Instructions to follow
After locating the line with "- High Quality" in the entries below, output it and each following line up to and including the line with "Ghost Sign Wooden", exactly and without pictures.

————

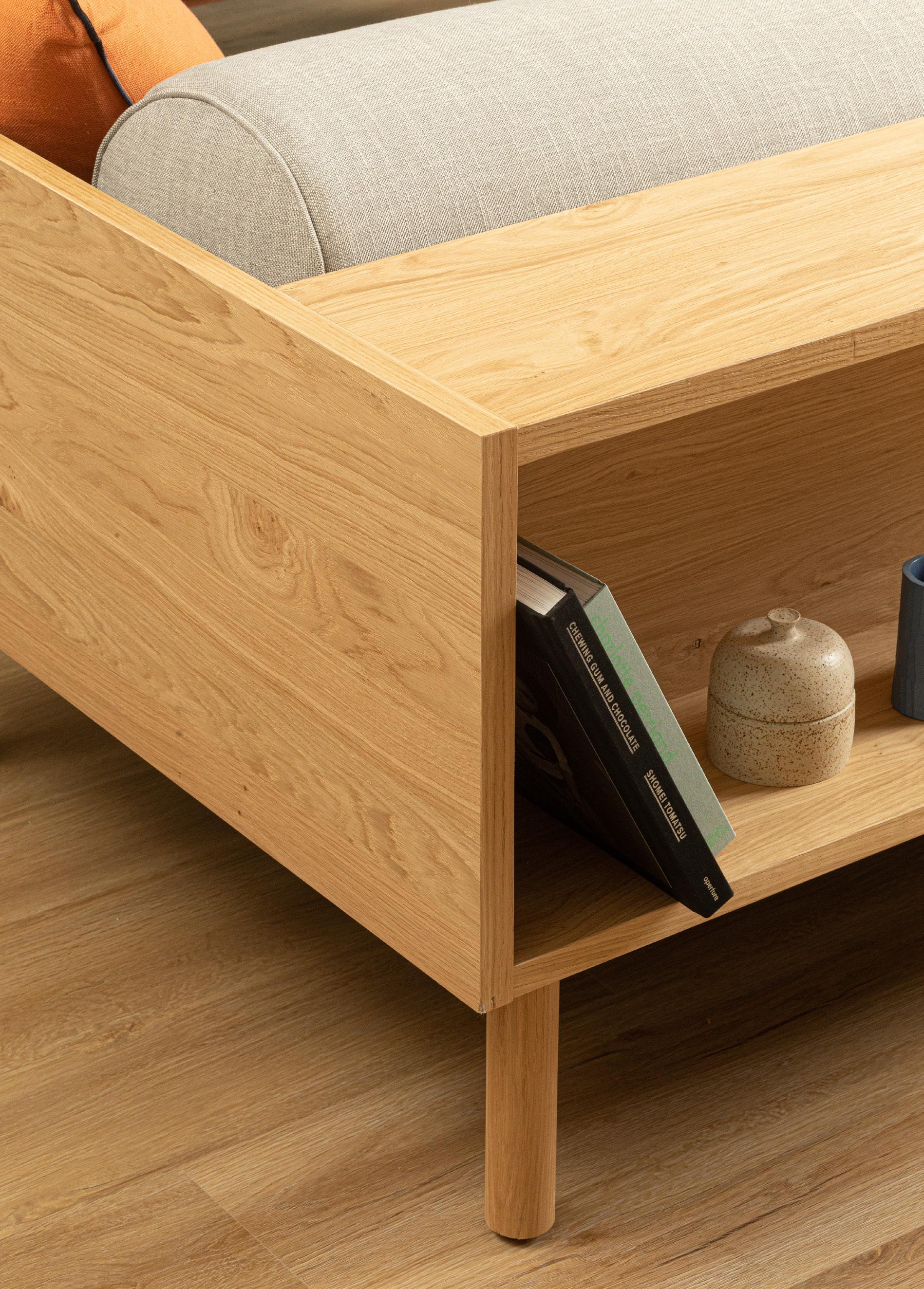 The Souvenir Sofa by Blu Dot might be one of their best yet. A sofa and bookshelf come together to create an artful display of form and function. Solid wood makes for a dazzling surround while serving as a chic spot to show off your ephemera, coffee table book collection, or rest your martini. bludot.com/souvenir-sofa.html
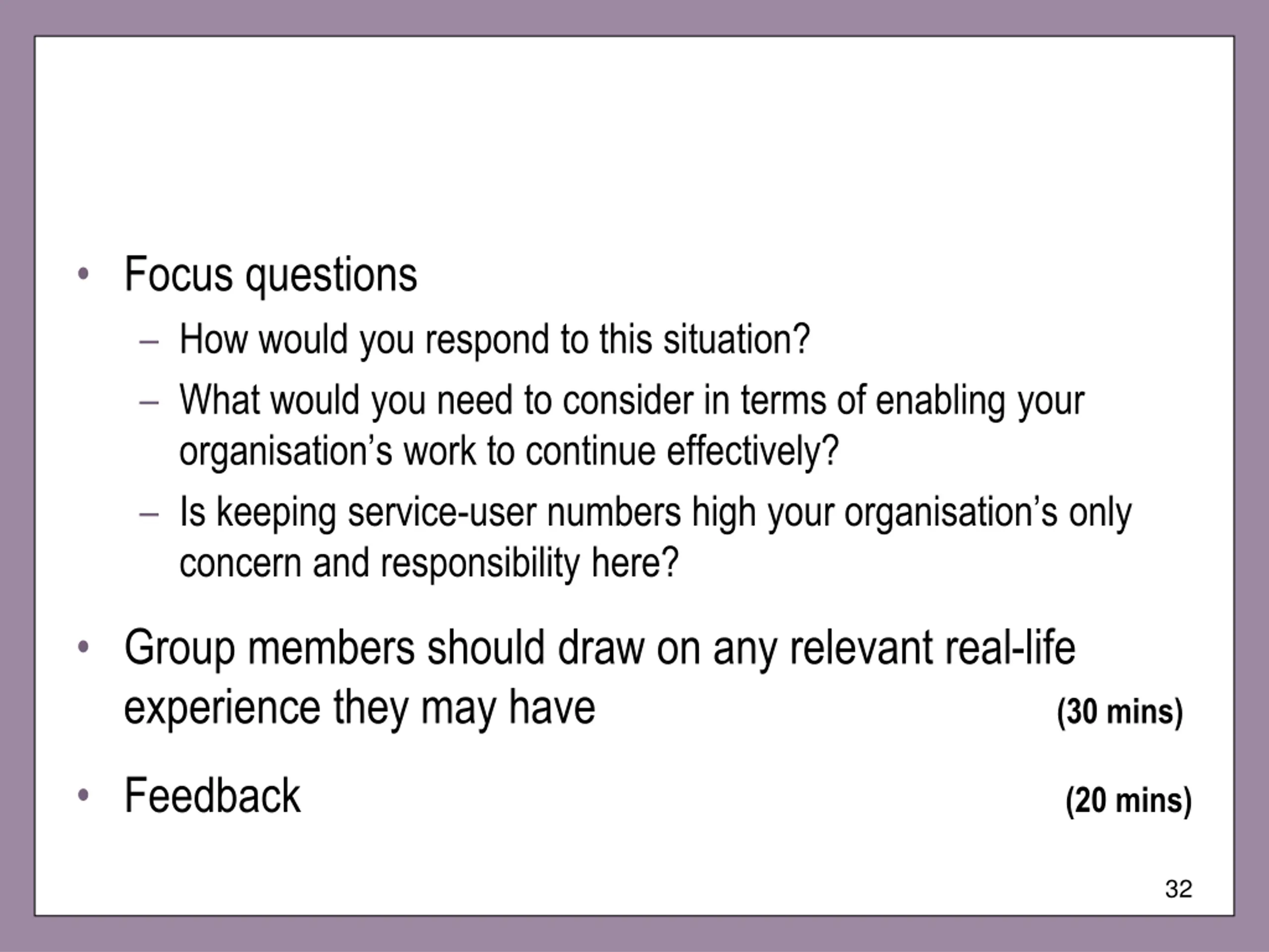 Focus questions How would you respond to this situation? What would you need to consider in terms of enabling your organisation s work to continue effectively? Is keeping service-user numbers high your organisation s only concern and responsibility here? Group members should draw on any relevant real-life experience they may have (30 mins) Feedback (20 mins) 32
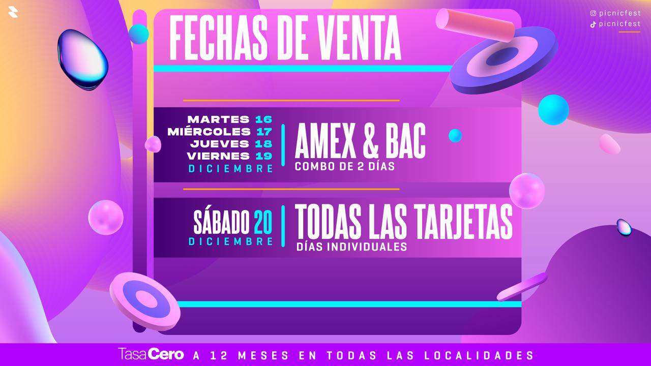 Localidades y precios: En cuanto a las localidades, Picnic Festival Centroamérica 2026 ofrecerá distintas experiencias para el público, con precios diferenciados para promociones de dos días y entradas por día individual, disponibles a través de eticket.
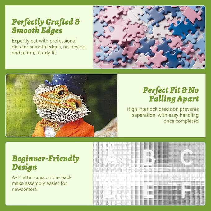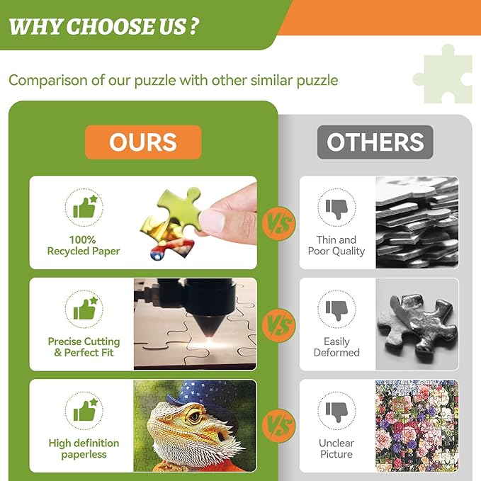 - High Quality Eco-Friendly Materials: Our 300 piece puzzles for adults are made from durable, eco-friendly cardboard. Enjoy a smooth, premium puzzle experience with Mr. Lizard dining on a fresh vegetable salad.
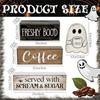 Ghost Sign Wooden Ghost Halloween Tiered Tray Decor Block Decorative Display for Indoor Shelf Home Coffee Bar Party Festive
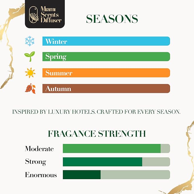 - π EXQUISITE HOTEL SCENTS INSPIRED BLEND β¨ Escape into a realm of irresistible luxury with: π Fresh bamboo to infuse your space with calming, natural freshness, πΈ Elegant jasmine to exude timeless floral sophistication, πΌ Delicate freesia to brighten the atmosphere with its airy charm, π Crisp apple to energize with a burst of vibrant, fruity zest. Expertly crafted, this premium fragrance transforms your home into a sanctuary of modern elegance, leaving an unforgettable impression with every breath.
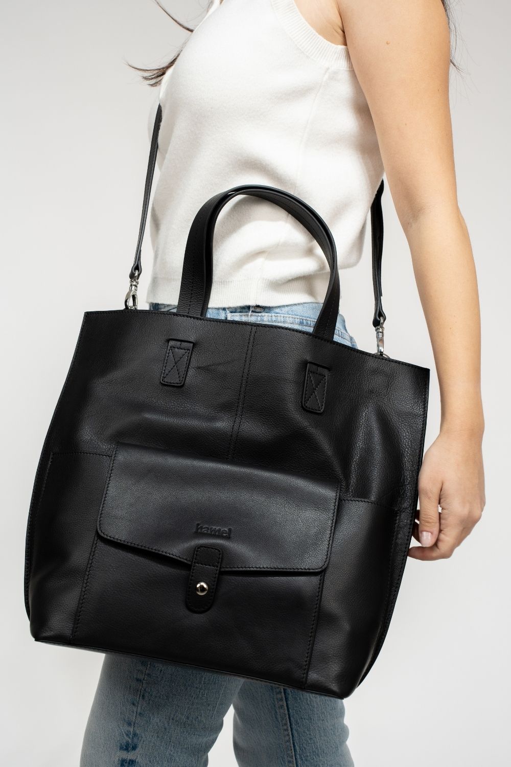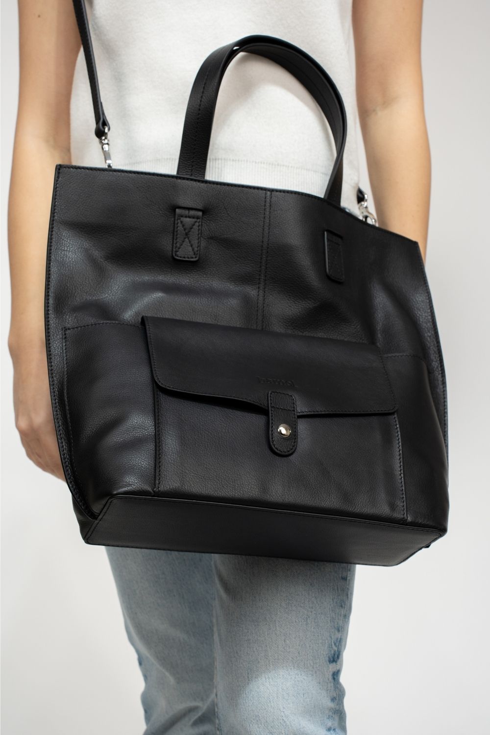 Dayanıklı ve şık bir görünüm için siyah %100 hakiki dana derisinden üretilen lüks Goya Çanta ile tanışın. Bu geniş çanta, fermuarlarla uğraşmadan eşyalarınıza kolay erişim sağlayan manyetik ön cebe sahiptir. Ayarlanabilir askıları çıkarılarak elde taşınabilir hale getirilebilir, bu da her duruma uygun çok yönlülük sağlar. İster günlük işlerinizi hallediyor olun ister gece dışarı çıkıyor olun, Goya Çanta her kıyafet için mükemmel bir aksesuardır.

————

Answer to this task
 - High Quality Eco-Friendly Materials: Our 300 piece puzzles for adults are made from durable, eco-friendly cardboard. Enjoy a smooth, premium puzzle experience with Mr. Lizard dining on a fresh vegetable salad.
 Ghost Sign Wooden Ghost Halloween Tiered Tray Decor Block Decorative Display for Indoor Shelf Home Coffee Bar Party Festive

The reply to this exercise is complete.